Club players in Meath and Offaly in a state of absolute limbo as controversy deepens

Niall McIntyre

The group stages of club championships countrywide are up in the air.

From Meath to Clare to Offaly, there is controversy a-brewing.

It all stems from a rule, put forward by Tipperary club Burgess and passed at congress in February, which states that in the case of a three-way tie in the group stages of club championship games, only the games between the three-affected teams should be counted to calculate the score-difference.

Now that’s all fine, but the controversy comes from the fact that, as is their wont, some counties are still using the old system while some counties are using the new system.

What’s causing all the trouble, as group stages all over the country reach their denouement, is the fact many clubs just simply aren’t aware of what system is being used in their county.

In Cork, for example, the old system is still being used.

In Clare, with the new system in place, they complained that there was little communication as regards the change.

Controversy in Meath

The Meath SFC is in danger of becoming something of a mess for example, with the dispute entering more intricate ground.
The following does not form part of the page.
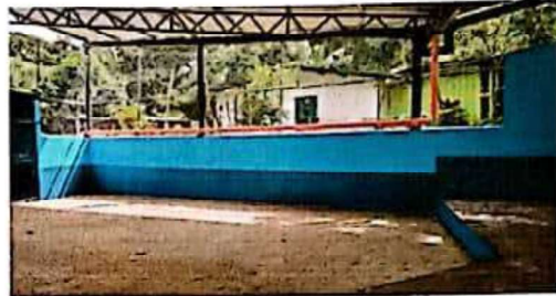
Suministro y aplicación de pintura de aceite en muro perimetral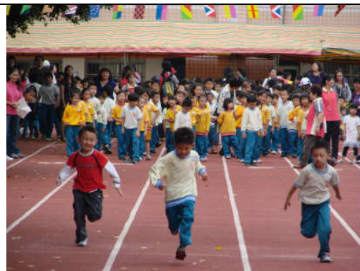
低年級 60 公尺競賽

That’s after the Leinster council ordered a re-fixture between Donaghmore-Ashbourne and Na Fianna to see who advances to the quarter finals of the competition.

Meath county board is now taking this verdict to the CAC and the DRA as they feel that, according to their bye-laws published at the start of the year, Donaghmore-Ashbourne should go through.

The Leinster council had contested this on the grounds that they found ‘ambiguity’ in these bye-laws and ordered a replay between the two clubs so ‘natural justice’ could take its course.

Let’s go back to the start. Donaghmore-Ashbourne defeated Na Fianna on a 1-7 to 0-9 scoreline two weeks ago. There was uncertainty at the time regarding the final table, with three teams finishing level on points in the group.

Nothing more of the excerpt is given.